In an outspoken attack on indemnity insurers, Des Hudson, chief executive of the Law Society, has accused them of putting a “gun to the head” of law firms.

The attack came after reports of hundreds of firms, possibly as many as 500, failing to find indemnity insurance on the open market and entering the Assigned Risks Pool.

In a further development, Hudson said the society took the view that “in principle” the single date for indemnity insurance renewal could be abolished.

He said insurers preferred to “rail against the current system but on the other hand seek, in the view of some commentators, to manipulate it”.

He went on: “Indeed allegations we have received from our members suggest that some qualifying insurers, who have (in the face of their previous endorsement of a ‘go to market early policy’) left proposals unanswered until the very last minute if at all, have given firms as little as hours to take or leave a quote and have then ramped up premiums dramatically from last year with no warning and little apparent justification.
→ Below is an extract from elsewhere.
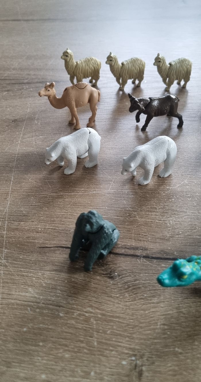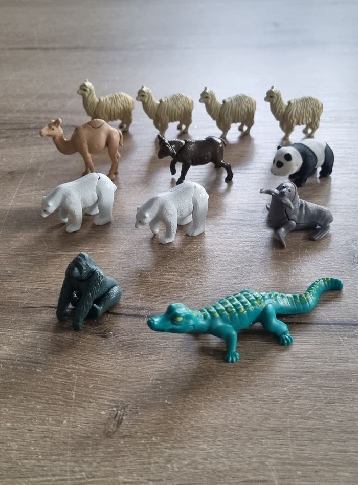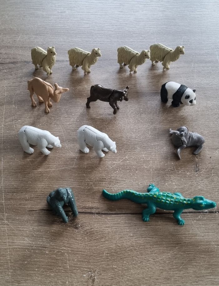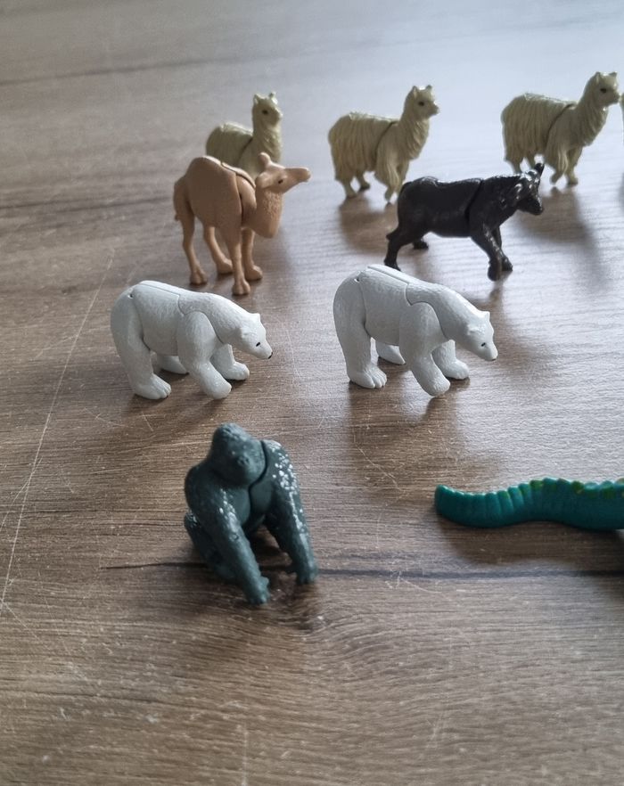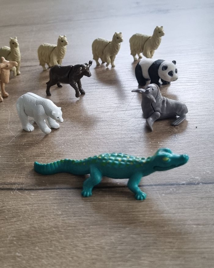 Lot de 12 figurines d'animaux : 4 lamas, 2 ours polaire, 1 lion de mer, 1 dromadaire, 1 taureau, 1 panda, 1 gorille, 1 crocodile Très bon état

In combination this amounts to the proverbial ‘gun to the head’.”

Hudson said the society, in anticipation of a hardening market, sought to negotiate a tripartite agreement with the Association of British Insurers (ABI) and the British Insurance Brokers Association earlier this year, but the approach was rejected by the insurers.

Nick Starling, director of general insurance and health at the ABI, said: “We disagreed with the Law Society’s proposed code of conduct because there are already freely available avenues of complaint and redress for customers if an insurer acts unreasonably.”

He went on: “The unavailability of insurance for some parts of the profession is the result of a lack of effective regulation, the impact of the harsh economic climate on both insurers and solicitors, and the fact that the minimum terms of the solicitors’ policy, imposed by the regulator, put all the risks of malpractice and negligence onto the insurer, with little or no downside for the solicitor.”

Starling said it was wrong for Hudson to suggest that insurers had manipulated the market.

“We have been rebuffed time and again in our attempts to achieve reforms that would make the market robust and sustainable over the long term,” he said. “The only tool insurers have to deal with issues in the customer base is pricing – the minimum terms of the policy deny insurers the opportunity to act as they would in any other market, i.e. varying the terms of the policy to change behaviour.”

John Scott, vice chairman of the Sole Practitioners Group, said that conveyancing, and an increase in claims for mortgage fraud were at the centre of concerns.

He said that all the sole practices he knew in the Newcastle area had been able to secure insurance, but, in many cases, only by accepting premium increases of at least 60 per cent.

“One firm has had to obtain insurance at twice the cost, and will review the situation in the New Year to see if it is worth going on,” Scott said.

Janis Purdy, sole practitioner in Bristol, said the price of the recession had to be paid.

“We have had several years of relatively cheap insurance,” she said. “Now it’s pay back time.”

Chris Stocker, principal of Stocker & Co in Oxfordshire, said his firm, which does mainly conveyancing, was protected by a two-year indemnity insurance deal under which he paid around £5,600.

As a comparison, he obtained a quote from a rival insurance company this year which came to £10,000. Stocker said some firms, with a similar turnover to his, were being quoted £20,000.